- Born: North Perth, Ontario, Canada
- Occupations: Author, blogger
- Spouse: Darryl Voskamp
- Children: 7
- Writing career
- Genres: Memoir, children's literature
- Subjects: Spirituality, Christian
- Notable work: One Thousand Gifts
- Website: annvoskamp.com

= Ann Voskamp =

Canadian writer

Ann Voskamp is a Canadian author, blogger, and memoirist on themes of Christian women's spirituality, and the author of multiple books, including the New York Times bestseller, One Thousand Gifts: A Dare to Live Fully Right Where You Are, as well as The Broken Way: A Daring Path Into the Abundant Life and WayMaker: Finding the Way to the Life You’ve Always Dreamed Of.

==Biography==
Ann Voskamp was born and raised in North Perth, Ontario, in a farming community.
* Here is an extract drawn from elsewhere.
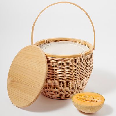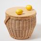 Romantiškai ir patogiai iškylai gamtoje itin pravers šis elegantiškas pintas krepšys su rankena ir raudonmedžio dangčiu, kurį galima naudoti ir kaip padėklą. Skirtas dviem žmonėms, puikiai tinka užkandžiams, gėrimams laikyti.

She began her blog, titled "A Holy Experience" with a focus on the homeschooling of her children. Voskamp also used the blog to count blessings as a way to address fears, which led to interest from a literary agent. In 2011, her blog was listed as #85 in the Babble.com list of Top 100 Mom Blogs.

In 2010, her memoir One Thousand Gifts: A Dare to Live Fully Right Where You Are was published by Zondervan. It was listed on the New York Times Best Seller list for 60 weeks. It also appeared on Christian bestseller lists, and Voskamp appeared on The Today Show after the book was featured by Kathie Lee Gifford. One Thousand Gifts also received an award of merit in the 2012 Christianity Today Book Awards. On Twitter, a conversation based on the book happened under the hashtag #1000gifts, and was described by The New York Times as "readers share their own moments, like 'seeing the beauty in the mess' and 'sitting down at the table to eat dinner as a family.'"

Selections from One Thousand Gifts was published as a gift book edition in 2012. Her memoir continued in The Broken Way (2016), and Waymaker (2022). In 2022, she announced a children's book, titled Your Brave Song, would be released in early 2023.

Voskamp has also been a supporter of refugee rights, and protested United States refugee policies outside of the 2017 National Prayer Breakfast by holding a sign stating "We Welcome Refugees" and praying, before attending the National Prayer Breakfast as an invited guest. She is a co-founder of the We Welcome Refugees organization, has travelled to Iraq to meet with refugee Yazidi women, and has sponsored refugees from Syria and Africa through the Canadian PSR Programme. She has also worked with Compassion International and other advocacy groups.

Voskamp has also been a contributor to The Huffington Post and WORLD Magazine. She has appeared on The 700 Club, and 100 Huntley Street.

==Selected works==
- One Thousand Gifts: A Dare to Live Fully Right Where You Are (2010), Zondervan ISBN 9780310412359
- Selections from One Thousand Gifts: Finding Joy in What Really Matters (2012), Zondervan ISBN 9780310313540
- The Greatest Gift: Unwrapping the Full Love Story of Christmas (2013), Tyndale House ISBN 978-1-4143-8708-6
- Unwrapping the Greatest Gift: A Family Celebration of Christmas (2014), Tyndale House ISBN 9781414397542
- The Broken Way: A Daring Path Into the Abundant Life (2016), Zondervan ISBN 9780310346562
- WayMaker: Finding the Way to the Life You’ve Always Dreamed Of (2022), Thomas Nelson ISBN 978-0-310-35219-8

== Personal life ==
Voskamp is married to Darryl Voskamp and they are the parents of seven children. They reside on a farm in North Perth, Ontario.